Prior to this Court's opinion and order in the first appeal, Grove Isle filed another application with DER on 18 May 1981 for a permit for the construction of the marina. The abbreviated "reapplication" took the form of a letter to DER from counsel for Grove Isle enclosing certain documents regarding the original application. Basically, the reapplication differed from the first application in that it requested DER to grant a mixing zone for its project pursuant to Rule 17-4.244, Florida Administrative Code, and submitted, along with its letter, a map of a proposed mixing zone. The reapplication recited that although Grove Isle disagreed that a mixing zone was necessary, it was reapplying for the permit and also applying for a mixing zone "in an attempt to keep this matter from becoming any more complicated." On 19 June 1981, DER staff responded by sending to Grove Isle a "completeness summary" indicating that the project would be in Outstanding Florida Waters and requesting Grove Isle "to demonstrate that this project is clearly in the public interest and that this project will not result in the degradation of ambient water quality beyond the 30-day construction period...." In response, counsel for Grove Isle sent a letter to DER on 25 June 1981. The letter suggested that DER refer to its file in connection with the prior application for the information sought in the completeness summary letter.

LACK OF JURISDICTION

The Department did not have jurisdiction to consider Grove Isle's second application.

This Court acquired jurisdiction of this case by virtue of Grove Isle's appeal of the Department's adverse ruling on its first application. Grove Isle, supra.
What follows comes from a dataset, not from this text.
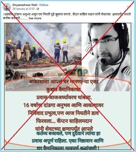 डीएनए इंडिया न्यूजने आपल्या इंस्टग्रामवर व्हायरल फोटो शेअर करत बारामतीमध्ये झालेल्या विमान अपघातात कॅप्टन साहिल मदान यांचा मृत्यू झाल्याचे सांगितले.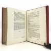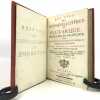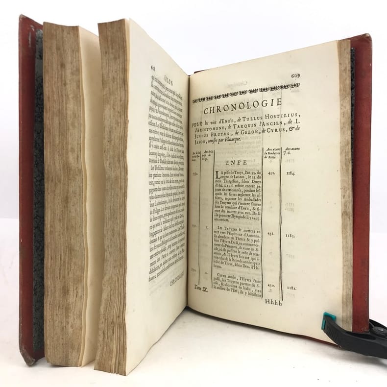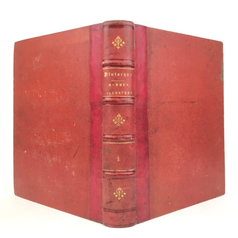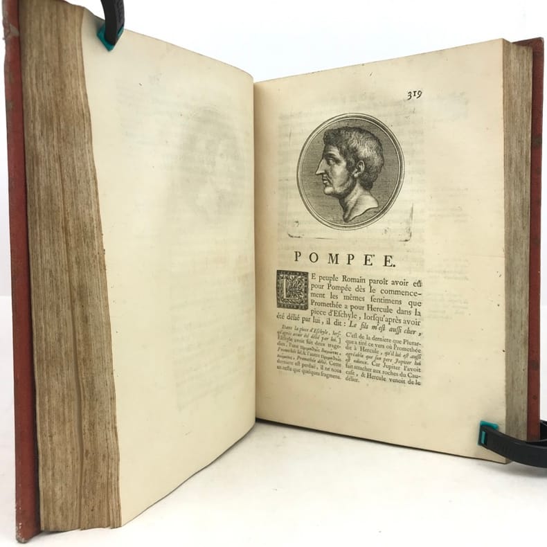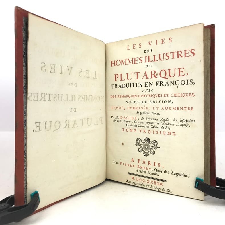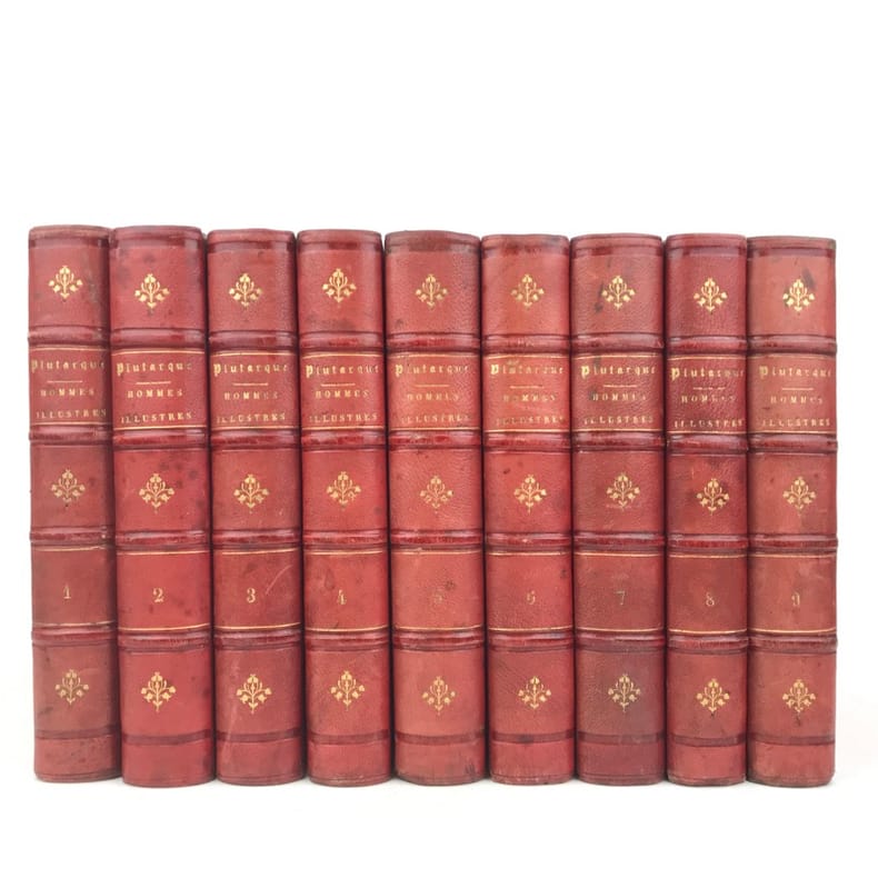 9 volumes in-4 (24 x 18 cm), demi chagrin rouge (reliure postérieure du XIXe siècle), dos à nerfs orné, tranches mouchetées, titre en rouge et noir, [8]-xlix-[3]-568 ; [4]-674 ; [4]-626 ; [4]-600 ; [4]-704 ; [4]-602 ; [4]-656 ; [4]-561-[1] ; [4]-ix-[3]-672-[4] pages (complet). Portrait d'Artaxerxès au tome VIII laissé blanc par l’imprimeur, quelques fines taches sur les plats, rousseurs éparses. État très correct. Nouvelle édition des célèbres Vies parallèles de Plutarque, philosophe grec du Ier siècle de notre ère. Elles mettent chacune en scène un personnage latin face à un personnage grec, tel que César et Alexandre le Grec, et cherchent à expliciter les similarités entre les différentes vies décrites. La traduction française est ici réalisée par André Dacier (1651-1722), philologue des XVIIe et XVIIIe siècle, traducteur de nombreux auteurs anciens, tant grecs que latins. Agréable exemplaire.

The Court did not divest itself of jurisdiction after acquiring jurisdiction. The issues raised by the second application were ruled upon by this Court in Grove Isle, supra.

*970 ESTOPPEL BY JUDGMENT

Grove Isle was estopped from filing its second application by this Court's decision on its first application. Grove Isle, supra.

The Department ruled against Grove Isle on both issues raised by its first application, water quality and public interest. The Department also denied the permit it sought.

On appeal, this Court affirmed the public interest issue and permit denial but reversed the water quality issue. Although Doheny and DER won the public interest issue and the case, Grove Isle won the water quality issue.

In both applications, Grove Isle sought a permit from DER to build a marina. In both cases, the issues were water quality and public interest. In both cases, Grove Isle sought and Doheny opposed the permit. DER opposed the first permit and opposed the second permit until it concluded it had to issue the permit by default. DER was the permitting authority in both cases.